Ben Whittaker dazzled as he made his professional debut against Greg O’Neill at the Bournemouth International Centre on Saturday.
Whittaker starred at the Tokyo Olympic Games last year when he won the light-heavyweight silver medal. He’s been waiting nearly 12 months, as he recovered from injury and agreed promotional terms with BOXXER, to begin his next journey in the sport and go pro. All the while anticipation and expectation built up around him.
And there was no anticlimax as he stopped opponent O’Neill early in round two.
With SugarHill Steward, the renowned trainer of Tyson Fury, his coach, he arrived kitted out in the colours of the famous Kronk gym. Whittaker relished the moment he’d been waiting for, preceded by a guitarist before walking slowly to the ring as he made his entrance for his first professional fight.
His showmanship had been apparent at the Olympics, his fast feet and quick hands had been on full display in Tokyo as he proved himself one of the best amateur boxers in the world. But the challenge the 25-year-old has set himself as a professional is to introduce the destructive elements of power-punching and ruthless finishing that will win him fans and eventually titles.

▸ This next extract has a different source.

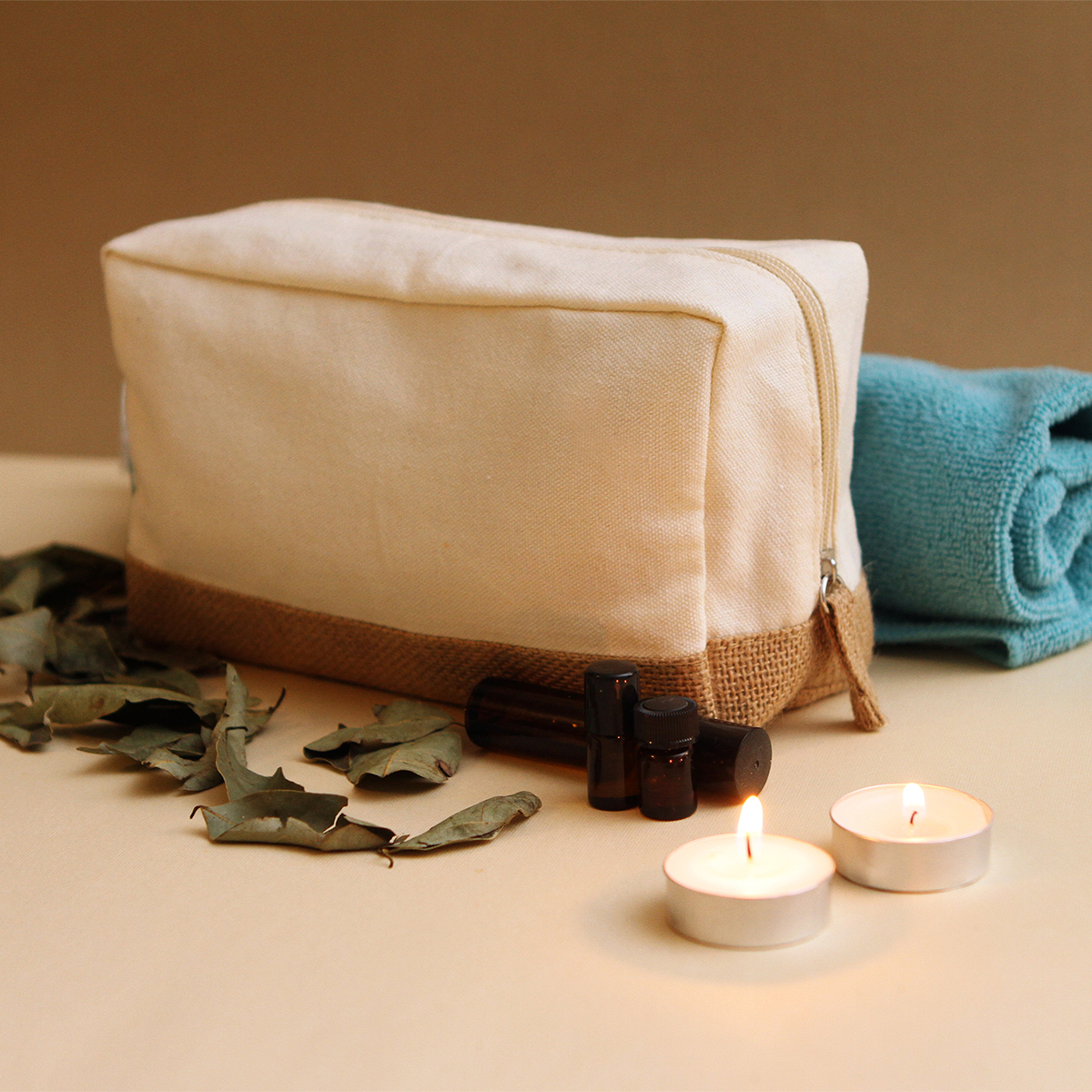 Descripción del producto: Cosmetiquera bi-tono fabricada en algodón y yute; con cierre superior y gran espacio para impresión. Tiene un gran espacio para satisfacer sus necesidades de almacenamiento. |

That would come. But first Whittaker reintroduced himself as a showman. He feinted his left and then began to land the jab.
He picked O’Neill up on his shoulder when they came together in a clinch and turned to the crowd when O’Neill tried to hit him on the break.
Whittaker tapped shots to the body and almost cracked O’Neill on the break himself.
His angered opponent charged after him, while Whittaker skipped away showboating early in the fight.
Whittaker’s speed was evident when a quick one-two struck and then he weaved his head beneath a brace of punches to draw a round of applause from the crowd.
If the first round was fun, the second was brutal and swift. Only 21 seconds into the second round his right hook smashed down. It stunned O’Neill who staggered backwards and collapsed onto his back. He could not recover from that.
“That,” Whittaker said afterwards, “was sweeter than doughnut.”
Whittaker leapt on to ring post to bellow in celebration and then danced across the centre of the ring.
“I’m my own critic so the first round I wasn’t the happiest, and I thought I’m going to have to hurt this boy,” he said.
“There was no nerves. The main thing is that I had a bit too much fun and I forgot the game plan. Came back, listened to my coach, and it’s all she wrote.”
The wait had been worth it.
“He’s the future of British boxing,” promoter Ben Shalom said. “He’s a superstar.”